-------- Information shown

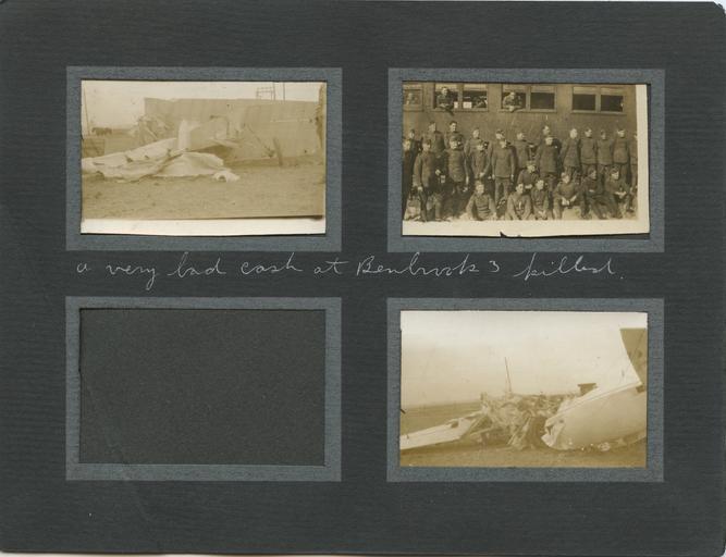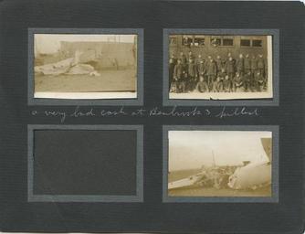 Keywords: 1910s world war i worldwari royal flying corps royalflyingcorps royal air force royalairforce trains crashes aircraft "a very bad crash at Benbrook [Texas] 3 killed" photos of crashes and a photo of men standing in front of a railway car. Photographs taken by Harry McBride (1893-1969), who worked as a rigger in the Royal Flying Corps and Royal Air Force during the First World War. He was stationed at Camp Mohawk near Deseronto, Ontario, and also at Camp Taliaferro near Fort Worth, Texas. Scanned images donated to the Archives by Dan McBride, Harry's grandson. "a very bad crash at Benbrook [Texas] 3 killed" photos of crashes and a photo of men standing in front of a railway car. Photographs taken by Harry McBride (1893-1969), who worked as a rigger in the Royal Flying Corps and Royal Air Force during the First World War. He was stationed at Camp Mohawk near Deseronto, Ontario, and also at Camp Taliaferro near Fort Worth, Texas. Scanned images donated to the Archives by Dan McBride, Harry's grandson. |
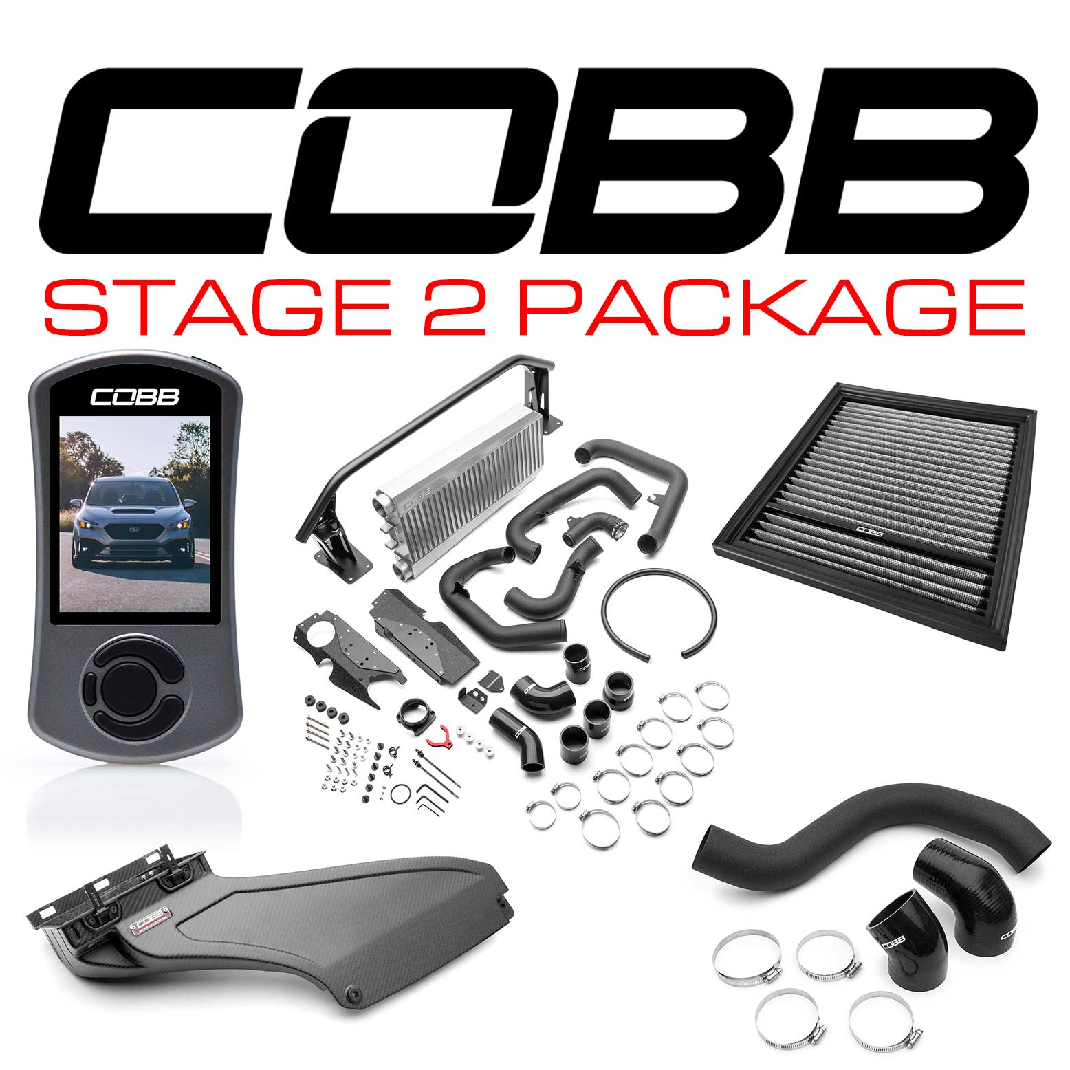 The Stage 2 Power Package Includes the Accessport, Silver Front Mount Intercooler kit, Matte Carbon Fiber Redline Power Scoop, High Flow Filter, Aluminum Intake Tube and a COBB Badge for the 2022-2025 Subaru WRX.
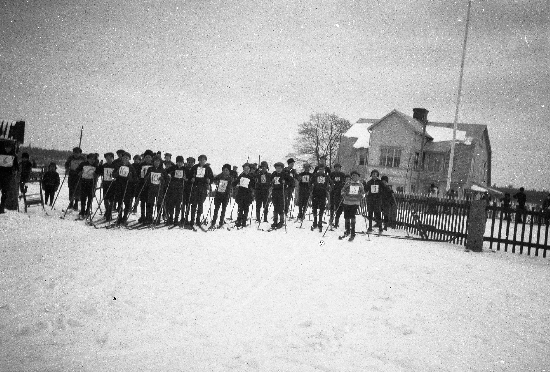 Sökord: sport. skidåkare, skidtävling, byggnad, hus, skola
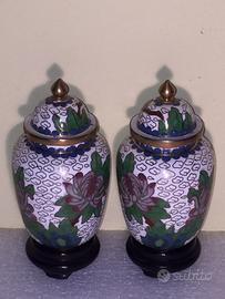 Coppia di Vasetti, vintage, da soprammobile o collezione in Cloisonnè Cinese, stato dei vasi perfetto.

----------------

_What you are asked to do_
Repeat the material above exactly; pictures do not belong in the copy.

_Solution below_
 Keywords: 1910s world war i worldwari royal flying corps royalflyingcorps royal air force royalairforce trains crashes aircraft "a very bad crash at Benbrook [Texas] 3 killed" photos of crashes and a photo of men standing in front of a railway car. Photographs taken by Harry McBride (1893-1969), who worked as a rigger in the Royal Flying Corps and Royal Air Force during the First World War. He was stationed at Camp Mohawk near Deseronto, Ontario, and also at Camp Taliaferro near Fort Worth, Texas. Scanned images donated to the Archives by Dan McBride, Harry's grandson. "a very bad crash at Benbrook [Texas] 3 killed" photos of crashes and a photo of men standing in front of a railway car. Photographs taken by Harry McBride (1893-1969), who worked as a rigger in the Royal Flying Corps and Royal Air Force during the First World War. He was stationed at Camp Mohawk near Deseronto, Ontario, and also at Camp Taliaferro near Fort Worth, Texas. Scanned images donated to the Archives by Dan McBride, Harry's grandson. |
 The Stage 2 Power Package Includes the Accessport, Silver Front Mount Intercooler kit, Matte Carbon Fiber Redline Power Scoop, High Flow Filter, Aluminum Intake Tube and a COBB Badge for the 2022-2025 Subaru WRX.
 Sökord: sport. skidåkare, skidtävling, byggnad, hus, skola
 Coppia di Vasetti, vintage, da soprammobile o collezione in Cloisonnè Cinese, stato dei vasi perfetto.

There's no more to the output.